/viralVerify

viralVerify: viral contig verification tool

Primary LanguagePythonMIT LicenseMIT

viralVerify: viral contig verification tool

Version: 1.1

viralVerify classifies contigs (output of metaviralSPAdes or other assemblers) as viral, non-viral or uncertain, based on gene content. Also for non-viral contigs it can optionally provide plasmid/non-plasmid classification.

viralVerify predicts genes in the contig using Prodigal in the metagenomic mode, runs hmmsearch on the predicted proteins and classifies the contig as vrial or non-viral by applying the Naive Bayes classifier (NBC). For the set of predicted HMMs, viralVerify uses trained NBC to classify this set to be viral or chromosomal.

To improve results in the case of metagenomes with possible host contamination, we recommend users to filter out reads that align to the host genome prior to assembly. Since viralVerify is based on gene classification, it can be used on contigs on any length, and short viruses can be detected as long as they contain a recognizable virus-specific gene. To help analyze the rapidly growing amount of novel data, we have added a script that allows users to construct their own training database from a set of viral, chromosomal and plasmid contigs, as well as custom HMM database

Requirements

viralVerify is a Python script, thus, installation is not required. However, it has the following dependencies:

or

  • recent release of the Pfam-A database (ftp://ftp.ebi.ac.uk/pub/databases/Pfam/releases/).

To work properly, viralVerify require Prodigal and hmmsearch in your PATH environment variable.
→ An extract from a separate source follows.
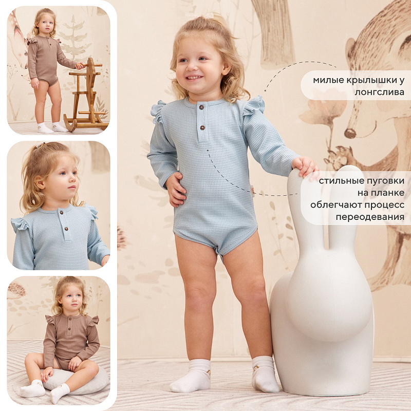 Боди из этой коллекции станут самыми практичными предметами гардероба вашего крохи. Застежка-поло на 3 пуговицы облегчит процесс переодевания малыша, а кнопочки внизу изделия позволят без труда сменить подгузник. Для маленьких модниц предусмотрены модели с очаровательными крылышками. Боди идеально подойдут для прогулок, путешествий и запоминающихся фотосессий.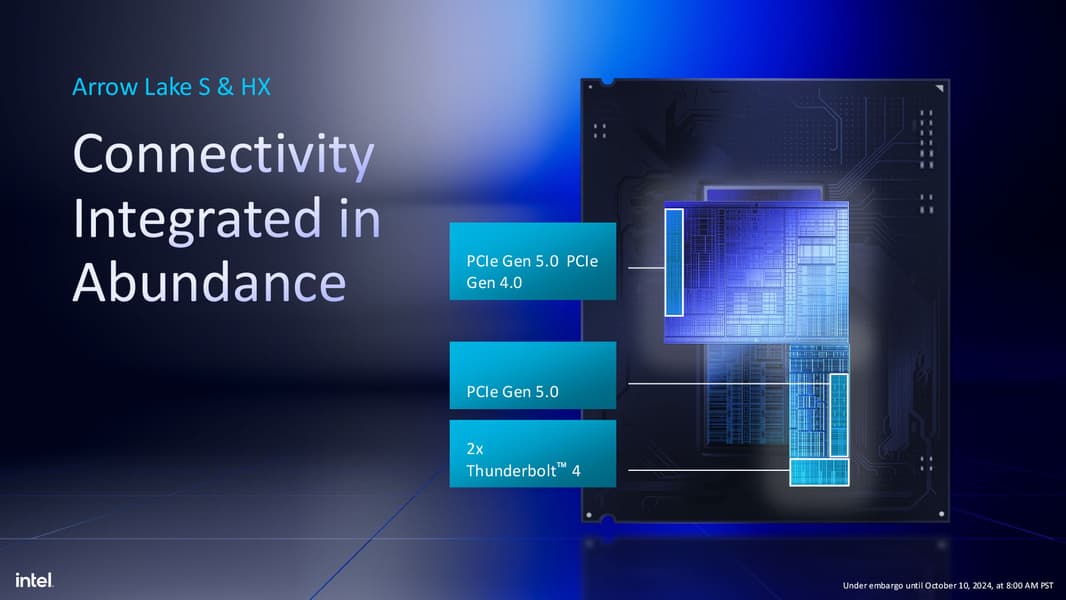 Процессоры Arrow Lake-S предлагают двухканальный интерфейс памяти DDR5, а платформа целиком (процессор с чипсетом) дает 48 линий PCIe. От CPU идет 20 линий PCIe Gen 5 — 16 линий для слота x16 под видеокарты и один подключенный к CPU слот NVMe, который может работать на скорости 5.0, не отбирая линии графического разъема. Также от процессора идет второй набор из четырех линий — уже Gen 4, его можно использовать для NVMe или другого скоростного устройства, вроде контроллера Thunderbolt 5. Сам же CPU предлагает встроенный контроллер Thunderbolt 4 — на два порта скоростью 40 Гбит/с.

Optional BLAST verification

You can verify your output by BLAST to check if you found novel viruses or plasmids. In this case, you need to have blastn in your $PATH, Biopython installed, and provide a path to the nucleotide database (e.g. local copy of the NCBI nt database). For each contig we report information (e-value, query coverage, identity and subject title) about its best blast hit in the provided database.

Usage

viralverify 
        -f Input fasta file
        -o output_directory 
        --hmm HMM  Path to HMM database

        Optional arguments:
        -h, --help  Show the help message and exit
        --db DB     Run BLAST on input contigs against provided db
        -t          Number of threads
        -thr THR    Sensitivity threshold (minimal absolute score to classify sequence, default = 7)
        -p          Output predicted plasmidic contigs separately

Output file: comma-separated table <input_file>_result_table.csv

Output format: contig name, prediction result, log-likelihood ratio, list of predicted HMMs

Fasta files with prediction results can be found in the Prediction_results_fasta folder

To decrease number of false positives (at the expense of potential false negatives) you may increase the detection threshold, provided as an optional argument.

Retraining classifier

You can retrain the classifier with your custom data using provided training_script. It takes viral, chromosomal and plasmid (optionally) training sequences in fasta format and set of HMMS, predict genes and HMM hits, and returns the frequency table. To use the retrained classifier, replace the "classifier_table.txt" file in the viralVerify directory with the obtained table.